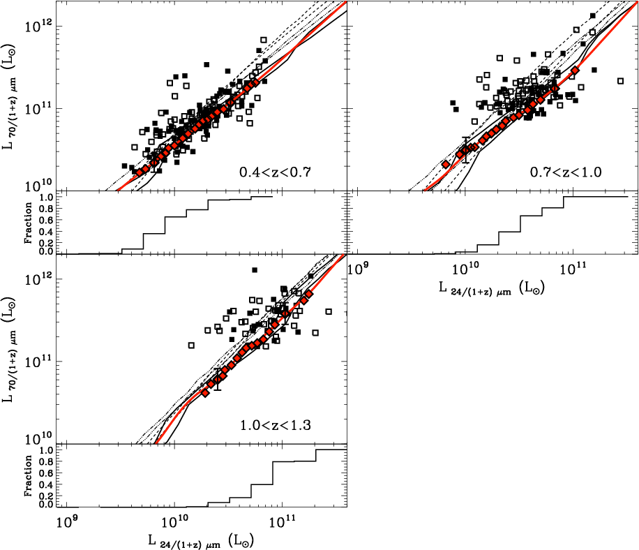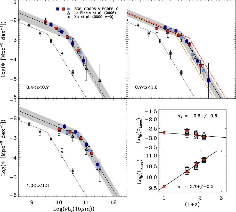 m Multiband Imaging Photometer (MIPS; Rieke et al. 2004) observations. Many authors (Xu 2000; Le Floc'h et al. 2005; Lagache et al. 2003; Chary & Elbaz 2001) have studied the evolution of the rest-frame 15
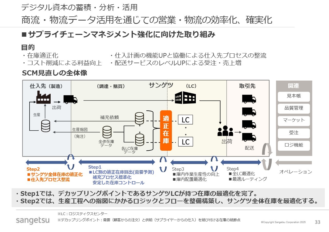 サプライチェーンマネジメントは競争力の源泉であるため、この強化を引き続き優先度高く進めていきたいと考えています。
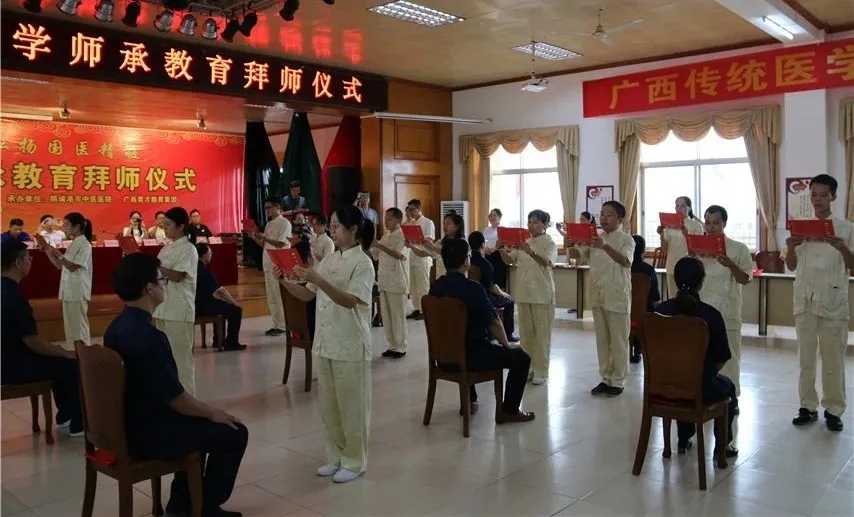 ▲中醫(yī)師承班(北海市中醫(yī)醫(yī)院拜師儀式)
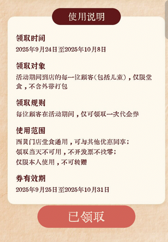 为了吸引顾客,西贝在9月24日起推出“西贝请您吃饭”,面向全部顾客发放100元堂食代金券。
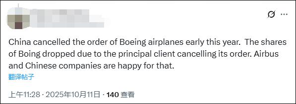 还有一位网民写道:"今年年初,中国取消了波音飞机订单。波音股价因主要客户取消订单而下跌。空客和中国企业对此感到高兴。"
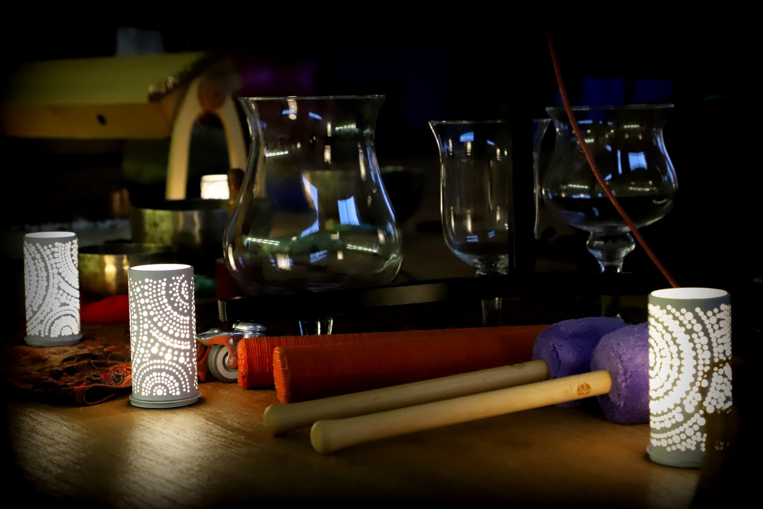 Mit Hilfe von Gongs, Klangschalen, Schamanen Trommel, Monochord, diversen anderen Klanginstrumenten und dem puren Klang der Stimme machen wir gemeinsam eine Klangreise in die eigene „Stille“.Die Frequenzen und Schwingungen die entstehen können Verspannungen und Blockaden lösen und die Energie im Körper wieder frei fließen lassen.Gehirnwellen verlangsamen und werden synchronisiert, was sich positiv auf unser Nervensystem auswirkt.Selbstheilungskräfte können aktiviert werden, wir finden wieder zu unserer inneren Kraft und können tiefen inneren Frieden erfahren.„Die wahre Stille ist nicht ohne Klang, aber ohne Gedanken“.
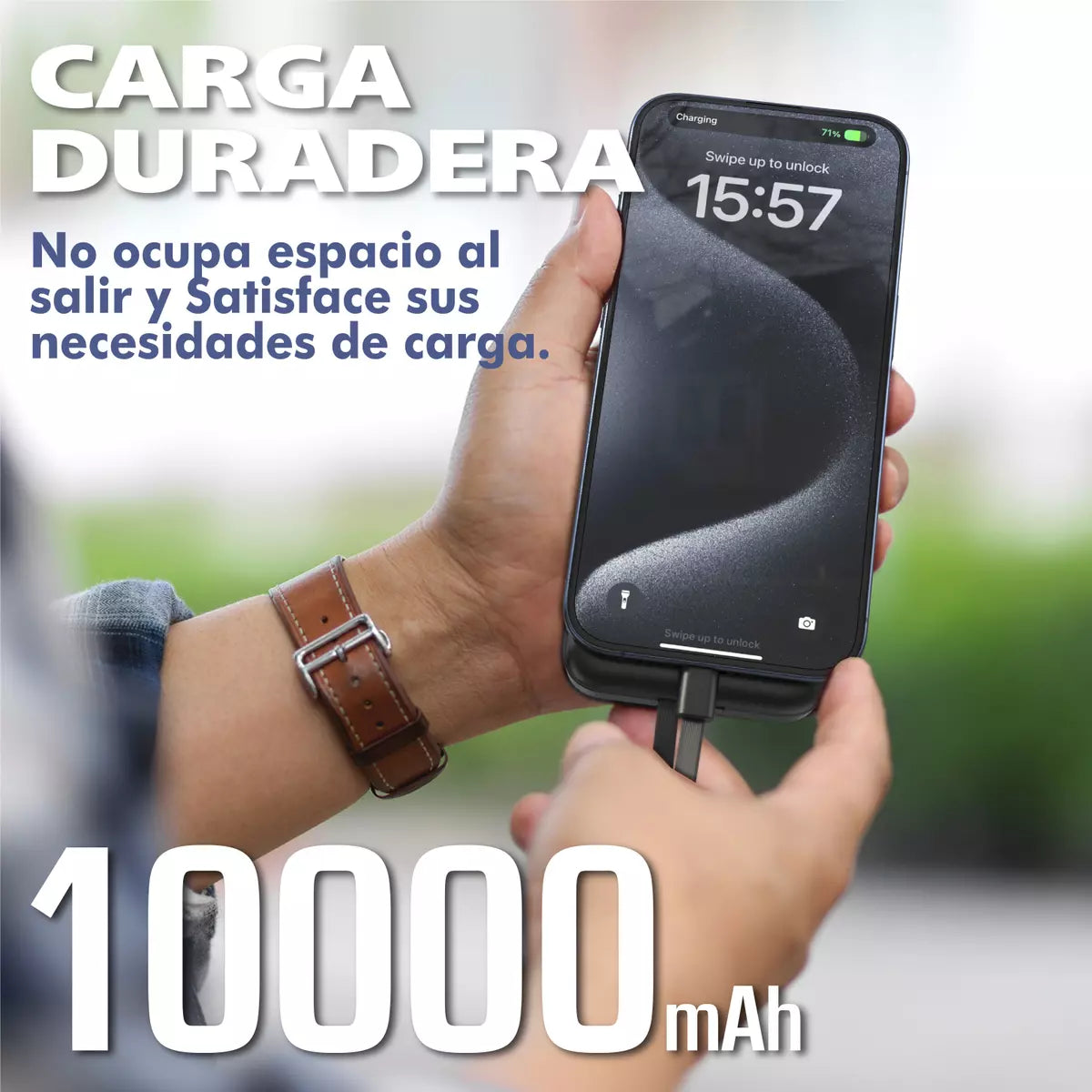Su diseño compacto, con acabado blanco moderno y minimalista, la hace fácil de transportar en bolsos, mochilas o incluso en el bolsillo. Fabricada con materiales resistentes y seguros, ofrece una carga eficiente y protege tus dispositivos contra sobrecargas o cortocircuitos.
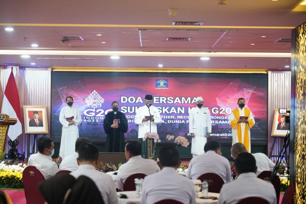 “Tinggal 26 hari lagi sebelum acara puncak G20 pada 15-16 November 2022 di Bali. Mari kita satukan hati dan pikiran seraya berdoa agar pada pelaksanaan dan setelah pelaksanaan, suasana tetap aman, kondusif, dan terhindar dari hal-hal yang tidak diinginkan,” kata Andap saat kegiatan doa bersama, Rabu (19/10/2022).
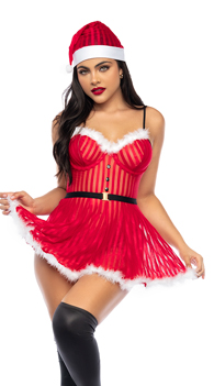 Always be on Santa's good side in this Naughty Mrs. Claus lingerie costume featuring a red, sheer, striped mesh babydoll with underwire cups, peekaboo open panels, a white marabou trim, black adjustable spaghetti straps, black button accents, a black waistband with buckle, a white marabou trimmed skirt, and a matching Santa hat. (Thigh high stockings not included.)
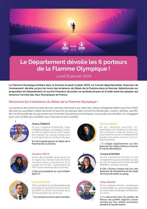 "Porter la flamme olympique le 4 juillet dans la Somme, un énorme honneur pour moi. Je remercie le Conseil départemental de la Somme et son président qui a porté ma candidature, les conseillers départementaux du canton ainsi que la municipalité d'Albert et mon club, Albert Sport Tir qui ont soutenu la candidature. Rendez-vous le 4 juillet pour ce bel évènement sportif" nous précise-t-elle.
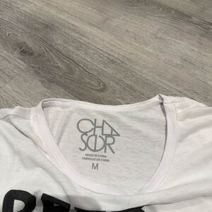 Casual white tee with bold graphic text. Perfect for relaxed outings. Soft and comfortable fabric.
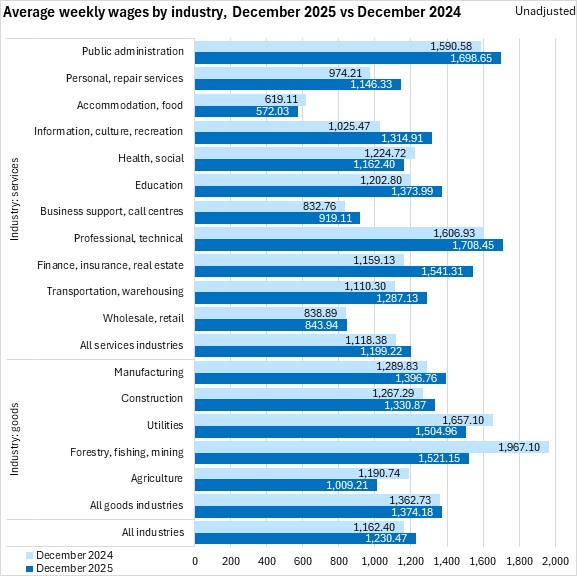 Average weekly earnings across all employees were $1,230.47 in December 2025. The highest average weekly earnings (both full and part time employees) were reported in professional/technical services, public administration, and finance/insurance/real estate. The lowest average weekly earnings were in accommodation/food services, wholesale/retail trade, and business support/call centres.
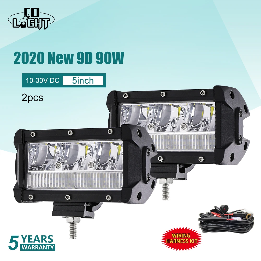 Со светом 9D 5 "90 Вт светодиодный свет бар пятно света потока комбо внедорожный светодиодный свет бар мотоцикл светодиодный фары для автомобилей 4x4 4WD грузовик УАЗ

◇ ◇ ◇ ◇ ◇ ◇ ◇

• [Exercise requirements]: Transcribe each entry exactly, pictures excluded.

• [Result of the task]:
 m Multiband Imaging Photometer (MIPS; Rieke et al. 2004) observations. Many authors (Xu 2000; Le Floc'h et al. 2005; Lagache et al. 2003; Chary & Elbaz 2001) have studied the evolution of the rest-frame 15
 サプライチェーンマネジメントは競争力の源泉であるため、この強化を引き続き優先度高く進めていきたいと考えています。
 ▲中醫(yī)師承班(北海市中醫(yī)醫(yī)院拜師儀式)
 为了吸引顾客,西贝在9月24日起推出“西贝请您吃饭”,面向全部顾客发放100元堂食代金券。
 还有一位网民写道:"今年年初,中国取消了波音飞机订单。波音股价因主要客户取消订单而下跌。空客和中国企业对此感到高兴。"
 Mit Hilfe von Gongs, Klangschalen, Schamanen Trommel, Monochord, diversen anderen Klanginstrumenten und dem puren Klang der Stimme machen wir gemeinsam eine Klangreise in die eigene „Stille“.Die Frequenzen und Schwingungen die entstehen können Verspannungen und Blockaden lösen und die Energie im Körper wieder frei fließen lassen.Gehirnwellen verlangsamen und werden synchronisiert, was sich positiv auf unser Nervensystem auswirkt.Selbstheilungskräfte können aktiviert werden, wir finden wieder zu unserer inneren Kraft und können tiefen inneren Frieden erfahren.„Die wahre Stille ist nicht ohne Klang, aber ohne Gedanken“.
Su diseño compacto, con acabado blanco moderno y minimalista, la hace fácil de transportar en bolsos, mochilas o incluso en el bolsillo. Fabricada con materiales resistentes y seguros, ofrece una carga eficiente y protege tus dispositivos contra sobrecargas o cortocircuitos.
 “Tinggal 26 hari lagi sebelum acara puncak G20 pada 15-16 November 2022 di Bali. Mari kita satukan hati dan pikiran seraya berdoa agar pada pelaksanaan dan setelah pelaksanaan, suasana tetap aman, kondusif, dan terhindar dari hal-hal yang tidak diinginkan,” kata Andap saat kegiatan doa bersama, Rabu (19/10/2022).
 Always be on Santa's good side in this Naughty Mrs. Claus lingerie costume featuring a red, sheer, striped mesh babydoll with underwire cups, peekaboo open panels, a white marabou trim, black adjustable spaghetti straps, black button accents, a black waistband with buckle, a white marabou trimmed skirt, and a matching Santa hat. (Thigh high stockings not included.)
 "Porter la flamme olympique le 4 juillet dans la Somme, un énorme honneur pour moi. Je remercie le Conseil départemental de la Somme et son président qui a porté ma candidature, les conseillers départementaux du canton ainsi que la municipalité d'Albert et mon club, Albert Sport Tir qui ont soutenu la candidature. Rendez-vous le 4 juillet pour ce bel évènement sportif" nous précise-t-elle.
 Casual white tee with bold graphic text. Perfect for relaxed outings. Soft and comfortable fabric.
 Average weekly earnings across all employees were $1,230.47 in December 2025. The highest average weekly earnings (both full and part time employees) were reported in professional/technical services, public administration, and finance/insurance/real estate. The lowest average weekly earnings were in accommodation/food services, wholesale/retail trade, and business support/call centres.
 Со светом 9D 5 "90 Вт светодиодный свет бар пятно света потока комбо внедорожный светодиодный свет бар мотоцикл светодиодный фары для автомобилей 4x4 4WD грузовик УАЗ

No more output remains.